If I was to use the coarse adjustment slide, I would first set my knob to zero and then move it. I have never had any issue moving it and putting the pointer perfectly on the line and not being having it seat in the threads ok. What I do is when I release the lever or button to make it slide, I try to move that part of the sight up or down. If it doesn't move, it is seated. If it ever moved or clicked on me, I would use the coarse adjustment slide again until I had it on the line and fully seated.

I remove that part of the sight on my Shib everytime I am done using it on a bow. Before I slide it off, I turn the knob to zero and then slide it off. When I go to put it back on and ready it for use, I slide it up to a numbered line that is closest to the first yardage I shoot. I have had no problems getting it right on the line and not having it seat. You have to pay attention when you eyeball that pointer so it is on the line before releasing the lever, but that is pretty easy if you line it up right. Since the knob was at zero when you took it off, it seats just fine when you put the pointer back on the line.

Like I said, I have no issue with the zeroing in part. I turn the knob all the way down to see if it works. If it is off, I can't really tell. One click is about 
.002 of an inch so it could be slightly off. I haven't seen any issues with marks and my arrows hitting the center using my marks. My magic? I use the middle of the scale to set the pointer initially during the zeroing process. I think I use the 5 line or the 4 line. I then turn the knob up the scale and then down to see if the pointer is on a line when the knob is at zero. How's that for some Swami magic?  

If the scale is off by a couple of clicks or just one, you ain't going be able to see a difference at that farther yardage down the scale. Nobody shoots that good and neither does Reylamb (old AT joke). 

I like to see the number on the knob, so I don't count clicks. Knowing me, I would mess that up.  My preshot involves checking my sight 3 times against the stake and my sight card before I shoot.


----------



## Stash (Jun 1, 2002)

Analog for me all the way. :wink: If the shot's 54 yards, I put my pointer right on 54. If it's 23 I put it on 23. Tough to make a mistake.

Print off a whole pile of tapes for different speeds. Set the 20, set the 60, find the tape that fits, stick it on and go.

Don't need to carry around a digital device, worry about charged batteries, inputting the wrong data, getting the thing wet, e-mailing myself anything...


----------



## The Swami (Jan 16, 2008)

> Analog for me all the way. If the shot's 54 yards, I put my pointer right on 54. If it's 23 I put it on 23. Tough to make a mistake.

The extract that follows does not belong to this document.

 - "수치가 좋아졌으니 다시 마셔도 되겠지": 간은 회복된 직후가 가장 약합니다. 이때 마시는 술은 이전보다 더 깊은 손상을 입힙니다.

All you Canuckians are Analog Kids. 

Down here, we are Digital Men.  

I don't carry any gadgets other than a rangefinder and I don't own an inclinometer yet. We all know I never have owned, never will own a stupid cell phone.  I will never have AApalm as that is a disaster waiting to happen if you don't have them marks printed out as backup.


----------



## bclowman (Aug 2, 2009)

I would use a tape if i had a program to make them. I guess i might just have to make an investment.


----------



## pragmatic_lee (Jan 19, 2008)

Guys this isn't "rocket science". 

Your sight is set at 20.35 for some yardage - you move to the next target and determine that your sight needs to be at 47.85 for that yardage.

Step 1: Turn the dial on the top to 0 in what ever direction suits you
Step 2: Course adjust the pointer to 47 and the dial the top knob *forward* to .85
OR
Alternative Step 2: Course adjust the pointer to 48 and the dial the top knob *back* to .85

After just a couple of targets this all becomes instinctive and you can actually carry on a conversation while you're adjusting your sight. 

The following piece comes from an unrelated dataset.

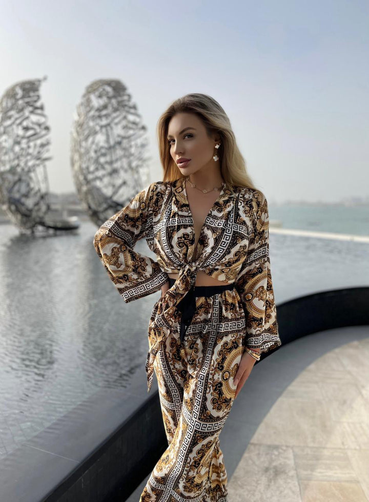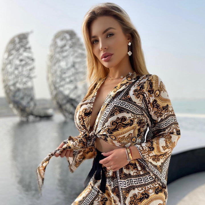 Les manches en V de la nouvelle chemise en soie s'ouvrent de l'avant avec des sangles sur la poitrine, des pantalons amples et confortables et une taille élastique.

The original question was if anyone used a sight tape. As I stated earlier, I use one "only" as a backup to double check that I have set the sight correctly. Unless you have a pointer the diameter of a hypodermic needle and a sight tape with lines the width of a hair, I very seriously doubt that anyone can adjust their sight to the exact point that your software (AA, AM, OT2, TAP) calls for using just a sight tape. You'll almost always be a click or two off in either direction especially on those sights which have the very low geared vertical threads i.e. 16 turns per inch.

Does 1 or 2 clicks make a difference? Well, I'm not all that good, but the odds of me using a whole number as a "sight in mark" is 1 in 20 and if I was using a 30 click sight, it would be 1 in 30.

To me, not taking advantage of the graduations on your sight of choice is akin to the guy who shoots every arrow to the left and refuses to make a windage adjustment.


----------



## Butcher (Jun 8, 2005)

I'm relatively new to site tapes and this got me thinking. I typically refer to all site marks by the number of clicks. For instance, the sure-loc example I would consider 30+15 instead of 30.75. The number of clicks is what's needed in site tape software correct correct? Or can either format be used?


----------



## pragmatic_lee (Jan 19, 2008)

Butcher said:


> I'm relatively new to site tapes and this got me thinking. I typically refer to all site marks by the number of clicks. For instance, the sure-loc example I would consider 30+15 instead of 30.75. The number of clicks is what's needed in site tape software correct correct? Or can either format be used?


Either format can be used in OT2
Archer's Mark requires decimal X.XX
Not sure about AA, but I've always used decimal with it - not sure about clicks
Never used TAP


----------



## Stash (Jun 1, 2002)

pragmatic_lee said:


> Unless you have a pointer the diameter of a hypodermic needle and a sight tape with lines the width of a hair, I very seriously doubt that anyone can adjust their sight to the exact point that your software (AA, AM, OT2, TAP) calls for using just a sight tape. You'll almost always be a click or two off in either direction especially on those sights which have the very low geared vertical threads i.e. 16 turns per inch.


Yeah, well, unless you can consistently group inside the X at the 80 yarder, I seriously doubt the data you input into your little device is accurate enough for you to notice you being a "click or two off".

I've gone a few rounds the last couple of weeks with a fellow using one of these gadgets. He's been editing every few targets, and he's STILL shooting groups high. 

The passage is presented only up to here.